Hahaha! Aw come on, I can't tell you everything right away! That would make for a boring story, don't you think?
Just finished this last night. Fantastic game, vastly improved from the Early Access phase. It starts to drag a little bit towards the end, but there's enough fun set pieces to keep you going to the end. Bug wise the game still has a little ways to go, on multiple occasions I got ejected from the Cyclops while I was crafting in it, and I had a few times where some of the fauna swam into parts of the game they weren't supposed to be in: the insides of alien phase gate installations, which have air, not water

I really wish games like this would take a page from the Minecraft modding community or Factorio and have one of the end game technologies be a searchable storage and crafting interface that allows you to not have to have 40 labeled lockers that you have to spend time sorting through every time you want to make something or come back from a run. Once you have a lot of crafting with various materials to do in the end game, things get a little tedious.

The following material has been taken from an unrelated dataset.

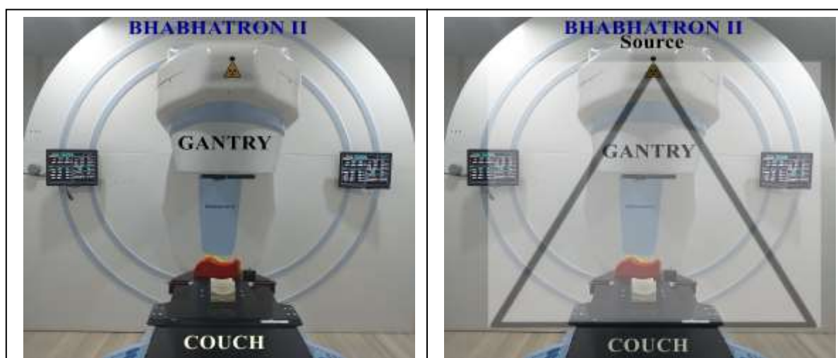
Figure 2: The BHABHATRON II machine at SCI, GMC showing the Gantry and Couch and the picture on the right represents our thought experiment showing Curie’s vision.

A thought experiment was considered to rejustify the above concept. In this experiment, a person named ‘Curie’ with the supernatural power of visualizing the invisible gamma radiation and absolutely free from radiation hazard is standing in the treatment room her location is directly opposite to the gantry. Her eyes are fixed on the source and she is asked to describe the gamma rays emerging from the source. According to Curie, an equilateral triangular shape of diverging radiation beam is visible as she stands face to face with the source as shown in the Figure 2.

Hopefully Unknown Worlds takes what they learned from this game and makes an even better survival game for their next entry. This is a very impressive first original game. I'm super excited to see what they do next.

Regarding the end of the game Am I the only one who loaded up the rocket with as many diamonds, ion cubes, and other valuables as I could on the way out? I figured if Alterra was going to charge me for all the crafting materials I used I might as well have enough booty in the rocket to have gently caress you money once I got back.